Nothing in the data should change when you return it, but leave the pictures out.

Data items
● ● ● ●

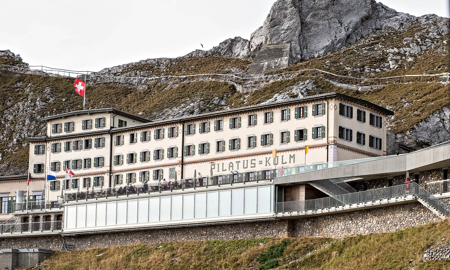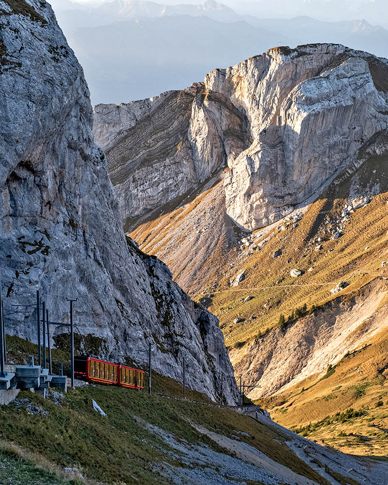 The world’s steepest cogwheel railway is, as you might expect, really freaking steep. I try not to think too hard about the Swiss engineering required to drag this giant red caterpillar car up a giant alpine mountain. But the panoramic views are out-of-this-world, and the hotel—Pilatus Kulm—is straight out of a Wes Anderson movie.
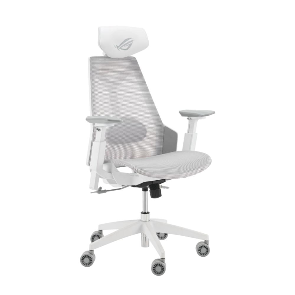 Herní židle ROG Destrier Core ergo s futuristickou estetikou, všestranným nastavením sedadla pro dokonalé držení těla, mobilní herní opěrky rukou a vyrobená z odolného polyamidového nylonu a prodyšné síťoviny pro pohodlné herní maratony.
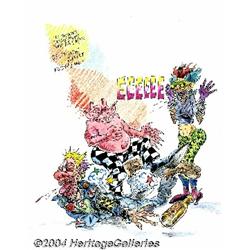 <B>S. Clay Wilson - Checkered Demon Pin-Up Original Art (1979).</B></I> In 1979, Punk Rock ruled the world -- at least a small corner of it (one littered with safety pins and leather jackets). That gross-out king of Underground Comix, S. Clay Wilson, lets loose his feelings for the whole punk thing through his <B>Zap Comix</B></I> creation, the Checkered Demon. Kick 'em good! Drawn in ink, watercolor, and colored pencil on an 11" x 13.5" sheet of sketchbook paper, it's in Excellent condition. <BR><BR><B>Important notice:</B> Heritage usually auctions material at the rate of 200-250 lots per hour. On some occasions eBay Live bid software or the Internet may not be able to keep up with the pace of the auction. We recommend placing a realistic absentee bid now as insurance to avoid disappointment. Occasionally the auctioneer may eliminate or reject an eBay Live bid, and the auctioneer may also reopen a lot after the close of the eBay live bidding (usually because we missed an audience bid), and may reject your bid even if it shows you as the winning bidder. By bidding via eBay Live, you agree that Heritage may award the lot to another bidder at its sole discretion under the circumstances described above or any other reasonable circumstances. Since eBay bids are not shown to us until we open the lot on the floor, we treat those bids just like floor bids. In most cases the floor responds before the eBay bid is presented to us, due to Internet lag time, so for consistency we have made it a policy that floor bids are always considered first over tie eBay live bids. Also please note that all Heritage lots purchased through eBay Live carry a 20% Buyer's Premium. Please make sure you read the Terms and Conditions before you bid.
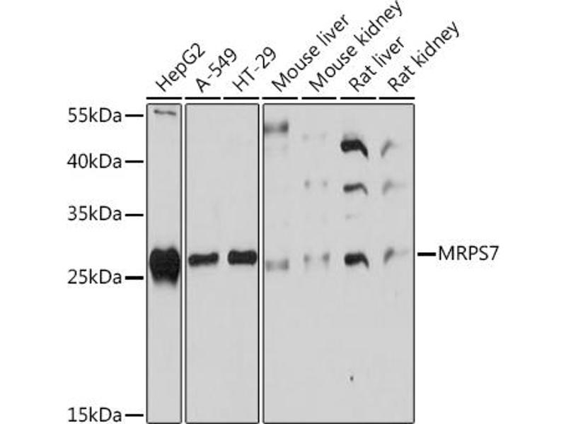 Mammalian mitochondrial ribosomal proteins are encoded by nuclear genes and help in protein synthesis within the mitochondrion. Mitochondrial ribosomes (mitoribosomes) consist of a small 28S subunit and a large 39S subunit. They have an estimated 75% protein to rRNA composition compared to prokaryotic ribosomes, where this ratio is reversed. Another difference between mammalian mitoribosomes and prokaryotic ribosomes is that the latter contain a 5S rRNA. Among different species, the proteins comprising the mitoribosome differ greatly in sequence, and sometimes in biochemical properties, which prevents easy recognition by sequence homology. This gene encodes a 28S subunit protein. In the prokaryotic ribosome, the comparable protein is thought to play an essential role in organizing the 3' domain of the 16 S rRNA in the vicinity of the P- and A-sites. Pseudogenes corresponding to this gene are found on chromosomes 8p and 12p.,MRPS7;MRP-S;MRP-S7;RP-S7;RPMS7;S7mt;bMRP27a,Epigenetics & Nuclear Signaling,RNA Binding,Endocrine & Metabolism,Mitochondrial metabolism,Mitochondrial markers,Mitochondrial translation,MRPS7
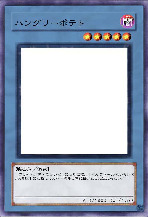 | 「フライドポテトのレシピ」により降臨。手札かフィールドからレベルが5以上になるようカードを生け贄に捧げなければならない。 | |||
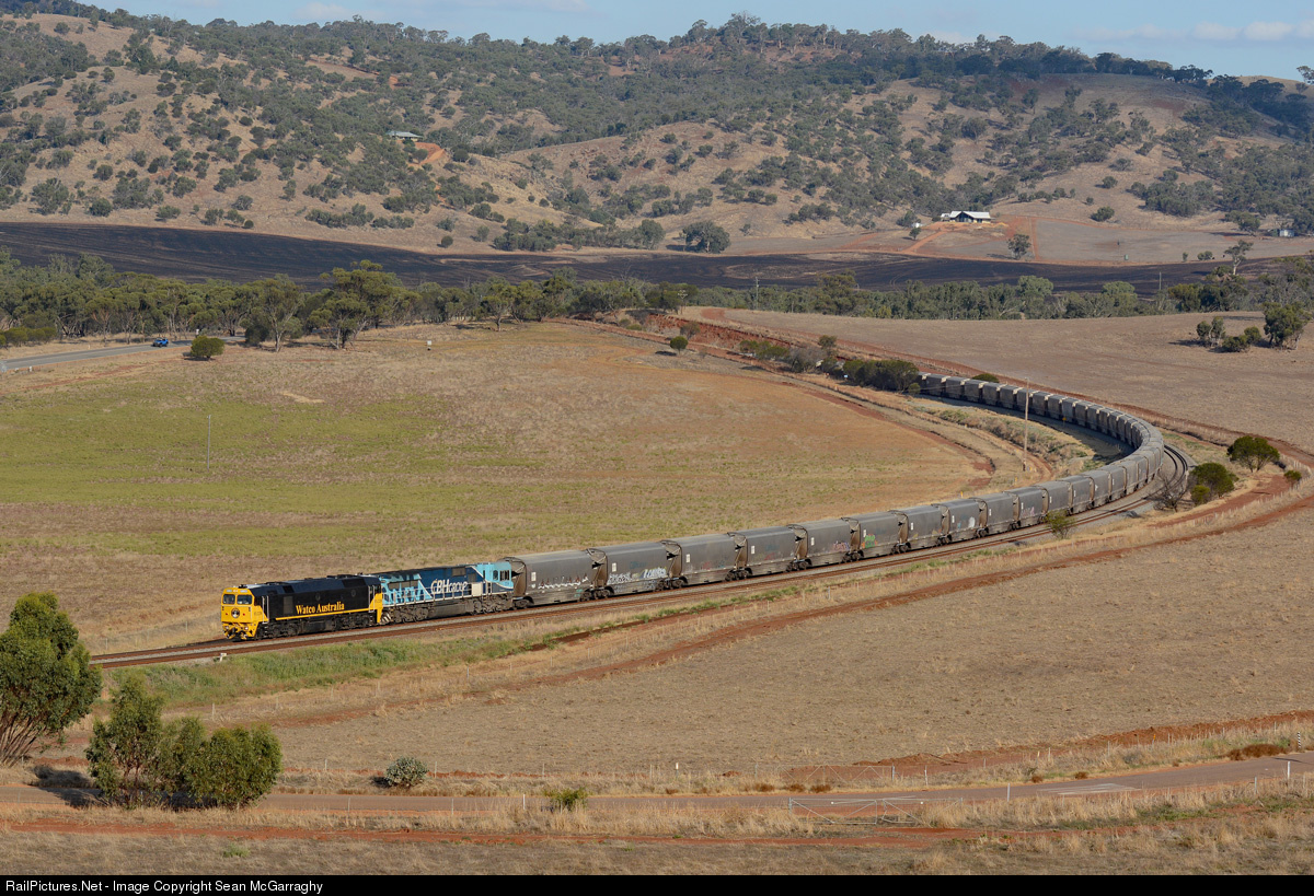 | Owing to trackworks at a level crossing in the town of Toodyay, only 3km away from this location, 7S56 loaded up grain train is seen rounding the curve at Lloyd's Crossing, Toodyay on the down main. FL220 & CBH119 have been given the task of working the train from Cunderdin to Kwinana with the FL on spot hire to CBH from Watco WA Rail.
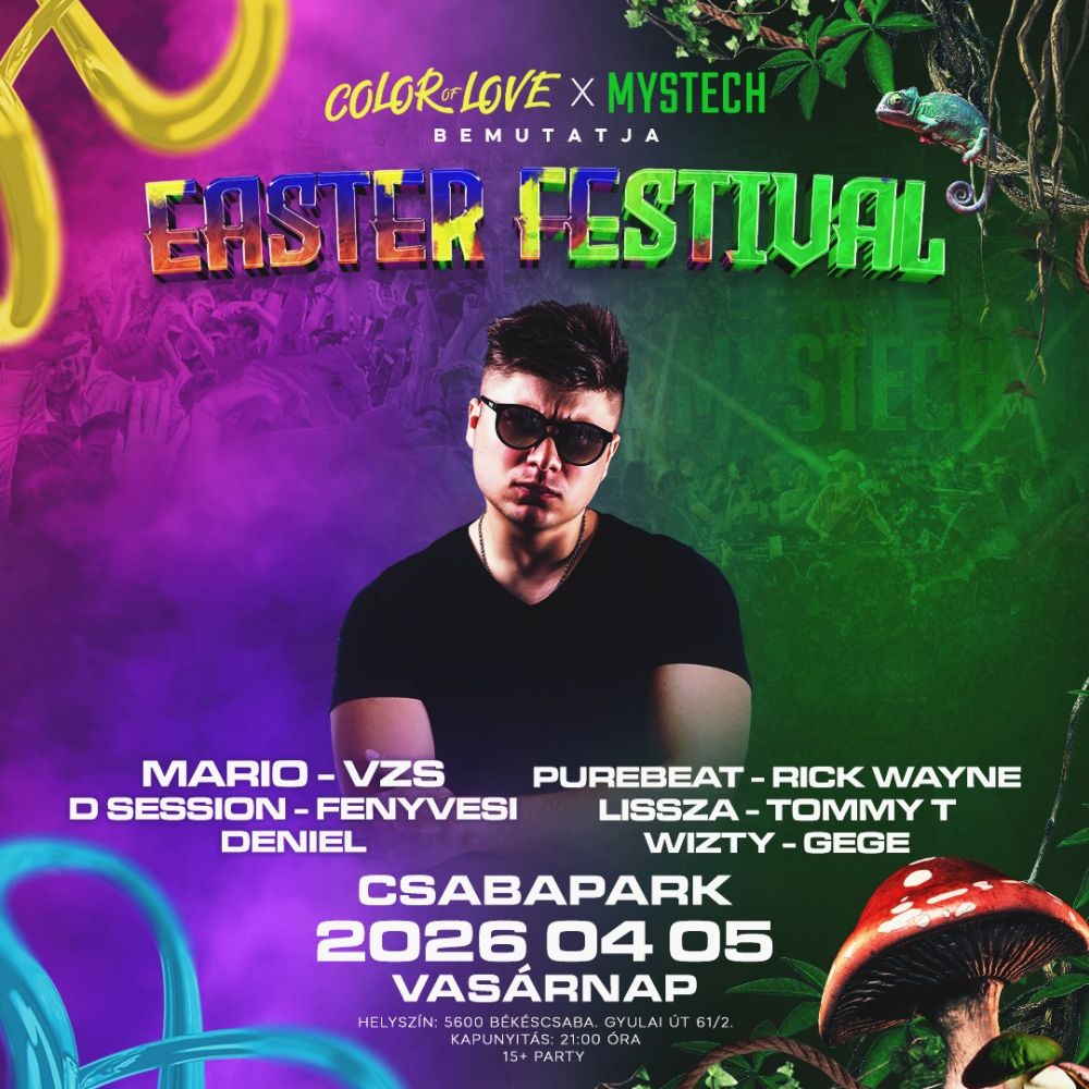 Húsvétvasárnap a Color of Love x Mystech csapata közösen bontja le a Csabaparkot! 🏰 10 fellépő, és egy olyan éjszaka, amiről még hetekig beszélni fogsz. 💣

● ● ● ●

# THE COMPLETED TASK
 The world’s steepest cogwheel railway is, as you might expect, really freaking steep. I try not to think too hard about the Swiss engineering required to drag this giant red caterpillar car up a giant alpine mountain. But the panoramic views are out-of-this-world, and the hotel—Pilatus Kulm—is straight out of a Wes Anderson movie.
 Herní židle ROG Destrier Core ergo s futuristickou estetikou, všestranným nastavením sedadla pro dokonalé držení těla, mobilní herní opěrky rukou a vyrobená z odolného polyamidového nylonu a prodyšné síťoviny pro pohodlné herní maratony.
 <B>S. Clay Wilson - Checkered Demon Pin-Up Original Art (1979).</B></I> In 1979, Punk Rock ruled the world -- at least a small corner of it (one littered with safety pins and leather jackets). That gross-out king of Underground Comix, S. Clay Wilson, lets loose his feelings for the whole punk thing through his <B>Zap Comix</B></I> creation, the Checkered Demon. Kick 'em good! Drawn in ink, watercolor, and colored pencil on an 11" x 13.5" sheet of sketchbook paper, it's in Excellent condition. <BR><BR><B>Important notice:</B> Heritage usually auctions material at the rate of 200-250 lots per hour. On some occasions eBay Live bid software or the Internet may not be able to keep up with the pace of the auction. We recommend placing a realistic absentee bid now as insurance to avoid disappointment. Occasionally the auctioneer may eliminate or reject an eBay Live bid, and the auctioneer may also reopen a lot after the close of the eBay live bidding (usually because we missed an audience bid), and may reject your bid even if it shows you as the winning bidder. By bidding via eBay Live, you agree that Heritage may award the lot to another bidder at its sole discretion under the circumstances described above or any other reasonable circumstances. Since eBay bids are not shown to us until we open the lot on the floor, we treat those bids just like floor bids. In most cases the floor responds before the eBay bid is presented to us, due to Internet lag time, so for consistency we have made it a policy that floor bids are always considered first over tie eBay live bids. Also please note that all Heritage lots purchased through eBay Live carry a 20% Buyer's Premium. Please make sure you read the Terms and Conditions before you bid.
 Mammalian mitochondrial ribosomal proteins are encoded by nuclear genes and help in protein synthesis within the mitochondrion. Mitochondrial ribosomes (mitoribosomes) consist of a small 28S subunit and a large 39S subunit. They have an estimated 75% protein to rRNA composition compared to prokaryotic ribosomes, where this ratio is reversed. Another difference between mammalian mitoribosomes and prokaryotic ribosomes is that the latter contain a 5S rRNA. Among different species, the proteins comprising the mitoribosome differ greatly in sequence, and sometimes in biochemical properties, which prevents easy recognition by sequence homology. This gene encodes a 28S subunit protein. In the prokaryotic ribosome, the comparable protein is thought to play an essential role in organizing the 3' domain of the 16 S rRNA in the vicinity of the P- and A-sites. Pseudogenes corresponding to this gene are found on chromosomes 8p and 12p.,MRPS7;MRP-S;MRP-S7;RP-S7;RPMS7;S7mt;bMRP27a,Epigenetics & Nuclear Signaling,RNA Binding,Endocrine & Metabolism,Mitochondrial metabolism,Mitochondrial markers,Mitochondrial translation,MRPS7
 | 「フライドポテトのレシピ」により降臨。手札かフィールドからレベルが5以上になるようカードを生け贄に捧げなければならない。 | |||
 | Owing to trackworks at a level crossing in the town of Toodyay, only 3km away from this location, 7S56 loaded up grain train is seen rounding the curve at Lloyd's Crossing, Toodyay on the down main. FL220 & CBH119 have been given the task of working the train from Cunderdin to Kwinana with the FL on spot hire to CBH from Watco WA Rail.
 Húsvétvasárnap a Color of Love x Mystech csapata közösen bontja le a Csabaparkot! 🏰 10 fellépő, és egy olyan éjszaka, amiről még hetekig beszélni fogsz. 💣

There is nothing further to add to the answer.